New Delhi: Known as both the last of the Old Masters and the first of the moderns, Spanish romantic painter and printmaker, Francisco Goya was the most important Spanish artist of late 18th and early 19th centuries.
Unfortunately, a severe, albeit undiagnosed illness left him completely deaf in 1793, at the age of 46. Now, 200 years later, scientists may have finally figured out what ailed the famed Spanish painter, which left him bed-ridden for months on end and led to him to lose his hearing.
A team of researchers at the University of Maryland in the US have diagnosed his condition as an autoimmune disease called Susac's syndrome.
Susac's syndrome is a rare condition that causes a person's immune system to attack small blood vessels in the brain, retina and inner ear. Symptoms can include severe headaches, difficulties in thinking, psychiatric problems and loss of vision, balance and hearing.
Goya's condition led him to experience symptoms like, headaches, dizziness, hallucinations, vision problems and ringing in his ears, 'Live Science' reported. Most of these symptoms eventually went away, but the illness left Goya deaf.

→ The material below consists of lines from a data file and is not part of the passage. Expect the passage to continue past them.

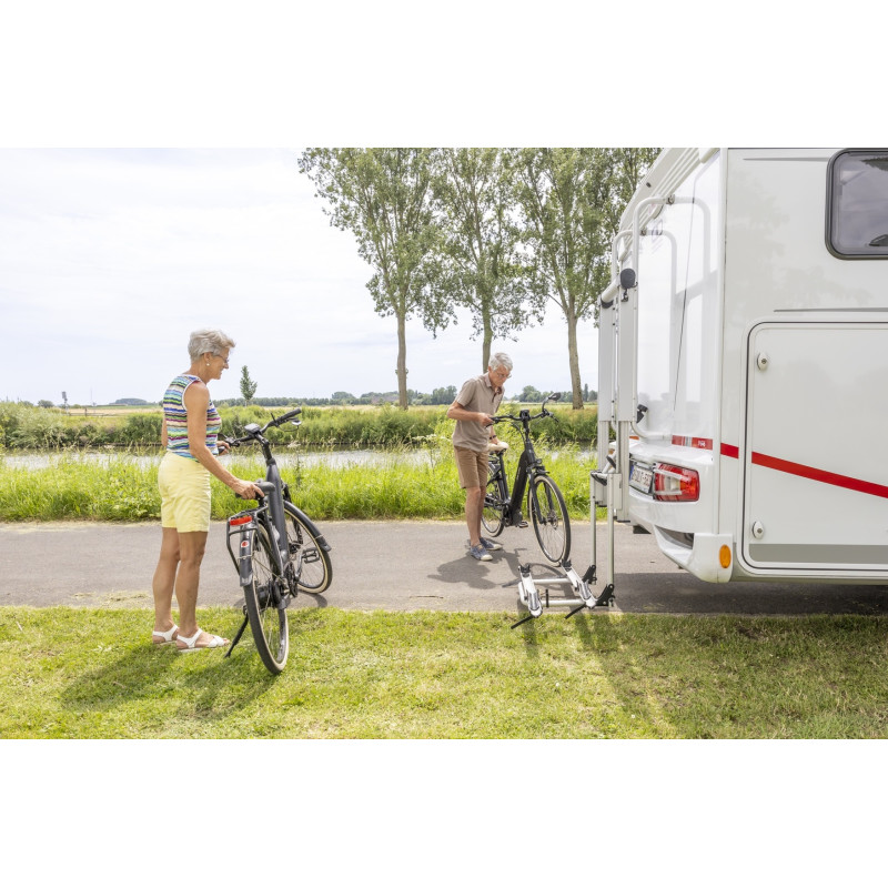 La capacité maximale est de 60 kg, ce qui permet de transporter 3 vélos classiques ou 2 e-bikes. Le porte-vélos pèse 20 kg.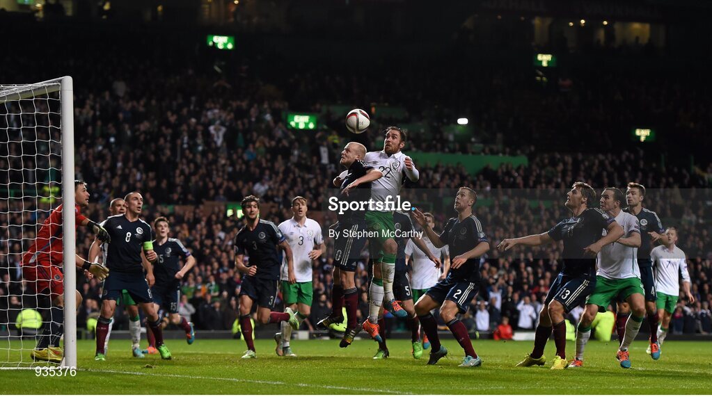 14 November 2014; Richard Keogh, Republic of Ireland, in action against Steven Naismith, Scotland. UEFA EURO 2016 Championship Qualifier, Group D, Scotland v Republic of Ireland, Celtic Park, Glasgow, Scotland. Picture credit: Stephen McCarthy / SPORTSFILE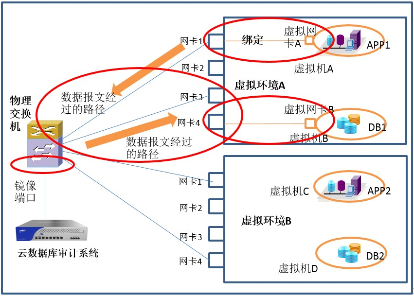 这个时候我们的解决方案是将数据库审计监控系统由硬件形态转变为虚拟化软件形态,直接驻留在云平台中,直接在虚拟交换网内部对数据库进行审计及监控。此时数据库审计监控手段转变成云平台中的一个安全组件,就象“云防火墙”一样。这种情况下,需要对虚拟交换网络的配置进行更改,在虚拟交换内部,对需要监控的DB,APP,做流量镜像,将流量引入到我们的数据库审计中来,从而完成审计监控。如下图所示:

Goya's undiagnosed illness led to experts speculating that he had bacterial meningitis or syphilis, or had developed lead poisoning from working with paint.
He "had a certain constellation of symptoms" that gave the researchers clues to a possible diagnosis, said Ronna Hertzano, a surgeon and hearing expert at the University of Maryland.
Susac's syndrome would "explain all of his symptoms" and can leave patients with lasting hearing loss, Hertzano said.
Hertzano said that although syphilis, bacterial meningitis and lead poisoning could all also explain Goya's symptoms, the people who had those conditions in the 18th century usually did not recover the way that Goya did.